For the first time in nearly a decade, biomedical scientists and companies are confronting a fundamental question: Will the government pay for research that involves human embryonic stem cells?

Since the mid-2000s, research has dramatically expanded on stem cells, including those not derived from human embryos. There are currently more than 1,300 clinical trials on stem cell-based therapies under way, according to the Clinicaltrials.gov database, maintained by the National Institutes of Health.

The trend started in California in 2004, when voters approved Proposition 71, appropriating $3 billion for studies using embryonic or other kinds of stem cells. A few years later, President Barack Obama eased restrictions on federal funding for human embryonic stem cell research. (His predecessor, George W. Bush, was the first president to authorize any government money for this research, but restricted the funding to existing stem cell lines.)

Now, President-elect Donald Trump may curtail funding for embryonic stem cell research.Trump himself has said he opposes abortion, a related issue. Tom Price, his nominee to head the Department of Health and Human Services, has opposed embryonic stem cell research on moral grounds because embryos are killed during production of the cell lines.

The embryonic stem cells are collected from extra embryos produced from in vitro fertilization that would otherwise be discarded.

Stem cells, from embryos and non-embryonic sources, are being tested for their ability to regenerate replacement tissues for those lost to disease or injury.

Researchers are also using them to replicate aspects of an illness in the lab, a so-called “disease in a dish.”

Neither Trump nor Price has publicly stated whether federal funding for embryonic stem cell research will be curtailed. That research is funded by the NIH, which falls under the HHS department.

Price has said work with other kinds of stem cells has proven more promising, a view for which there is some evidence.

Although embryonic stem cell-based therapies are in clinical trials, including one from San Diego’s ViaCyte, no such treatments have actually been approved.

The campaign for Prop. 71 gave the impression that many treatments from embryonic stem cells would result in the not-too-distant future. Even some backers of the measure have since said expectations were raised beyond what the science supported.

Momentum has shifted to experimentation with other kinds of stem cells not derived from embryos. Artificially created stem cells called induced pluripotent stem cells, or IPS cells, act like embryonic cells, but are created from adult cells, such as skin cells. Human embryonic stem cells were discovered in 1998, human IPS cells were created in 2007.

And there are “adult” stem cells, which aren’t derived from embryos.

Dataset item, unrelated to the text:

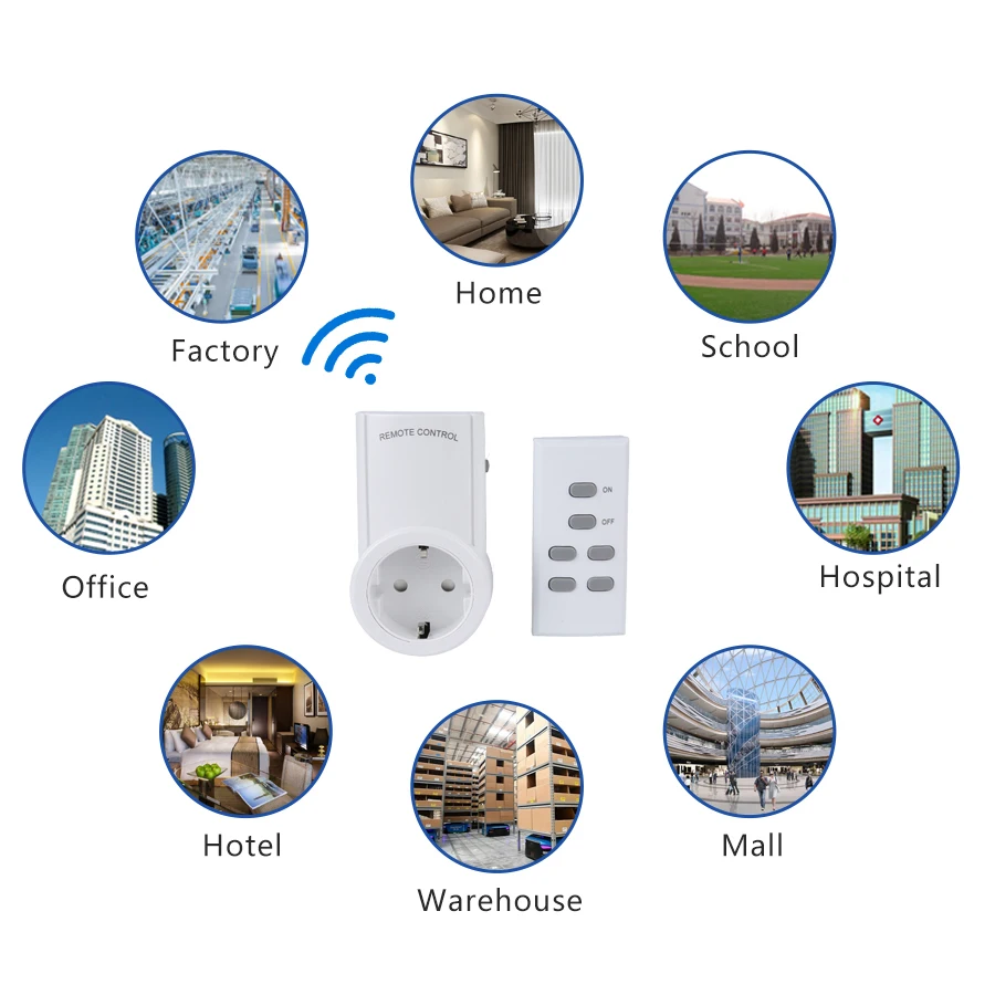 1. Пульт дистанционного управления и выход были предварительно запрограммированы для немедленного использования. Просто подключите и играйте! 2. Сильный радиочастотный сигнал работает через двери и стены, не мешая другой электронике, работающей до 30 м в поле зрения. 3. Используйте пульт дистанционного управления или сами розетки, чтобы включить и выключить ваши приборы, отлично подходит практически с любым внутренним электронным устройством, в том числе Хо использовать приборы для удержания, светильники, праздничные украшения и т. д. 4. Одобрено CE для обеспечения безопасности и качества. 5. Устраняет расточительное питание в режиме ожидания и уменьшает потребление энергии, экономит на ваших электрических счетах и продлевает срок службы продукта 6. Розетки останутся выключенными после отключения питания для экономии энергии и защиты ваших приборов

Researchers who back using embryonic stem cells say that description doesn’t tell the whole story.

Because they are natural, human embryonic stem cells remain the “gold standard” for understanding how cells develop from a universal ancestor to adult cells, such as in the skin, the heart, liver and brain, said Deepak Srivastava, a stem cell scientist at the Gladstone Institute in San Francisco.

“IPS cells do replace the need for embryonic stem cells to some extent, but does not make it go away,” said Srivastava, director of the Roddenberry Stem Cell Center at Gladstone. “We are still in the process of trying to optimize the production of IPS cells. And to do that, we have to compare those to what nature itself has made.”

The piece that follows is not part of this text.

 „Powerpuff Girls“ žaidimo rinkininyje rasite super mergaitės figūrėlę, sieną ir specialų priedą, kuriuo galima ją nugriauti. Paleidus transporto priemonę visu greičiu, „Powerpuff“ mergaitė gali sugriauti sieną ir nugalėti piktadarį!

However, for those who consider human life to begin at conception, the process of getting embryonic stem cells involves what they see as a moral evil. And that is the heart of the objection by those who oppose funding the research.

“One is taking advantage of one human being for the benefit of an older and more powerful human being,” said Rev. Tadeusz Pacholczyk, Director of Education for The National Catholic Bioethics Center in Philadelphia. “That is an inherently unjust proposal.”

Even if useful treatments result, the end doesn’t justify the means, Pacholczyk said.

Much of the information obtained from studying human embryonic stem cells can be obtained from other sources, such as animal embryonic stem cells, Pacholczyk said.

It’s morally permissible to use IPS cells because no embryo is ever produced in the process, Pacholczyk said.

Another type, called parthenogenetic stem cells, represents a more ambiguous picture, he said. These cells are derived from unfertilized egg cells, which develop into a structure much like an embryo.

“When one is dealing with a situation when you are not entirely sure whether you have generated a real human embryo or not, the benefit of the doubt should go to that entity you have created,” he said.

Such is the unsettled picture that awaits stem cell researchers beginning Jan. 20, when Trump begins his presidential term.